Я бы ответила так: успешность — это удовлетворение достигнутым, и многие известные и талантливые люди на публике просто удачно имитируют успешность. Поскольку развитый интеллект, чуткая душа — мешают испытывать удовлетворение, и достигнутого всегда недостаточно. Получается, что успешность — это фантом. Любовь — это, конечно, не есть счастье. Ибо тяжела она, «как смерть». И с ней тяжело, и без нее невозможно. А везение? Понятия не имею. Может, это несколько раз подряд выиграть в казино? Может, найти миллион, чтобы этого никто не заметил? Выплатить кредит, найти хорошую сауну, попасть в телешоу… Какая глупость ни придет на ум, все это мимо личности масштаба Елены Майоровой. У нее не было даже такого простого и очевидного везения, как у Ирины Метлицкой: пришел режиссер в школу, увидел девочку-красавицу, и началась жизнь настоящей, взрослой актрисы. Лена шла босыми ногами по острым камням. Но пришла она точно туда, куда хотела. Из дальней стороны, из далеко не золотого детства, из тяжелой болезни… Но ничего похожего на везение не было — ни в том, что профессия подчинилась ей, как укрощенный зверь, ни в тягостной привязанности Ефремова, ни в смертельной любви Шерстюка. И то, и другое, и третье требовало особых сил, чтобы не снесло ветром страстей и мук. Если талант послан неслучайным людям, то и преодоления их не случайны. Из Лены Майоровой судьба, как жестокий и гениальный скульптор, лепила личность трагическую. Притягательную, неотразимую в отблеске этого трагизма и обреченную не найти выхода к маленьким радостям обычных людей. Она бывала веселой, радостной, искренней и доверчивой, как ребенок, но это был просто редкий золотой дождь, которым иногда омывало ее хмурое небо.

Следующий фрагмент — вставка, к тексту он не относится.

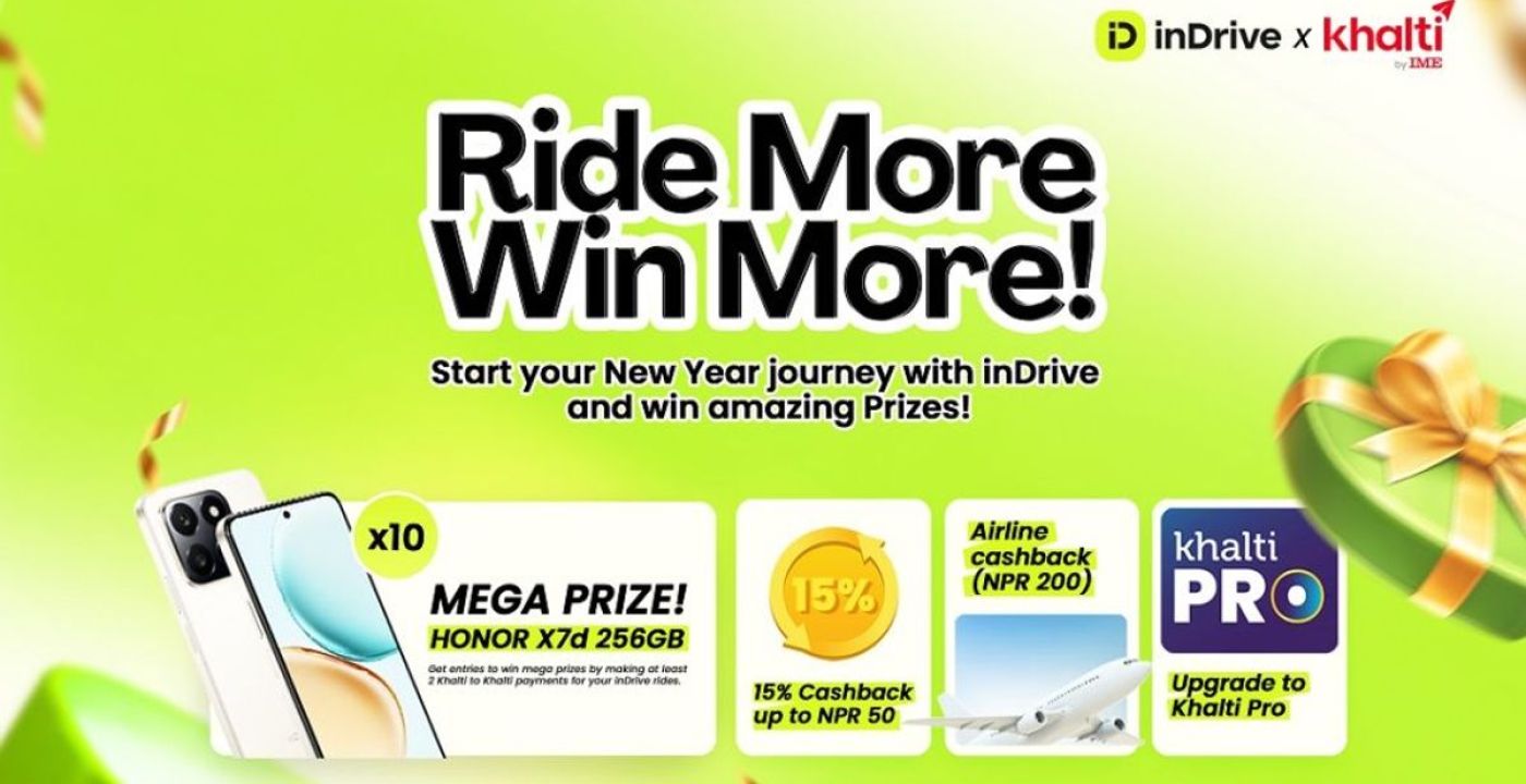 इनड्राइभले नेपाली नयाँ वर्ष २०८३ को अवसरमा ‘राइड मोर, विन मोर’ क्याम्पेन वैशाख १ देखि २१ सम्म सञ्चालन गर्ने घोषणा गरेको छ। यस क्याम्पेनमा प्रत्येक राइडको लागि १ लक्की ड्र टिकट प्रदान गरिनेछ र मेगा गिभअवेमा भाग लिन कम्तीमा २ कारोबार खल्ती एपमार्फत गर्नुपर्नेछ। प्रमुख पुरस्कारमा १० वटा अनर एक्स ७ डी स्मार्टफोनसहित प्रोमो कोडमार्फत क्यासब्याक र एयरलाइन प्रोमो कोड पनि समावेश गरिएको छ।

Спекталь «Тойбеле и ее демон», где Лена сыграла свою лучшую роль, притягивал к себе мрачные события с самого начала. Едва в театре начались репетиции, как появились анонимные письма о том, что это произведение опасно для жизни. Были пугающие звонки. Не выдержал этого психологического напряжения и вышел из спектакля Борис Щербаков. Вячеслав Невинный провалился в люк, переломал себе ребра и в тяжелом состоянии был доставлен в институт Скли-фасовского. Актеры говорят, что произошло это несчастье необъяснимым образом. Старый актер отыграл свою сцену, его встретили, как обычно, вывели из темноты кулис с фонариком, осторожно, чтоб он не упал. И вдруг на полдороги, без объяснений, Невинный разворачивается и направляется к сцене. Шаг в сторону — и он летит в сценический люк. Никто, в том числе он сам, не мог объяснить, зачем ему понадобилось возвращаться.
Через два сезона после премьеры сгорела Елена Майорова.
Спекталь пытаются сохранить. Но через полтора года после смерти Майоровой неожиданно умер ее партнер — Сергей Шкаликов, 35 лет от роду. Его нашли мертвым в собственной квартире. «Тойбеле и ее демона» сняли с репертуара.
Что-то страшное происходило во время работы над сериалом «На ножах» по Лескову. Для фильма изготовили пять крестов. Какое-то время они хранились в подвале загородного дома режиссера Александра Орлова. Один из рабочих, делавших эти кресты, умер во время съемок. Скончался оператор. Вскоре умер второй оператор. Затем художник картины и художник-гример. Погибла в огне Елена Майорова.
Журналистка Ирина Горохова взяла интервью у Александра Орлова:
«— Как чувствовали себя лично вы, Алексадр Сергеевич, на съемочной площадке?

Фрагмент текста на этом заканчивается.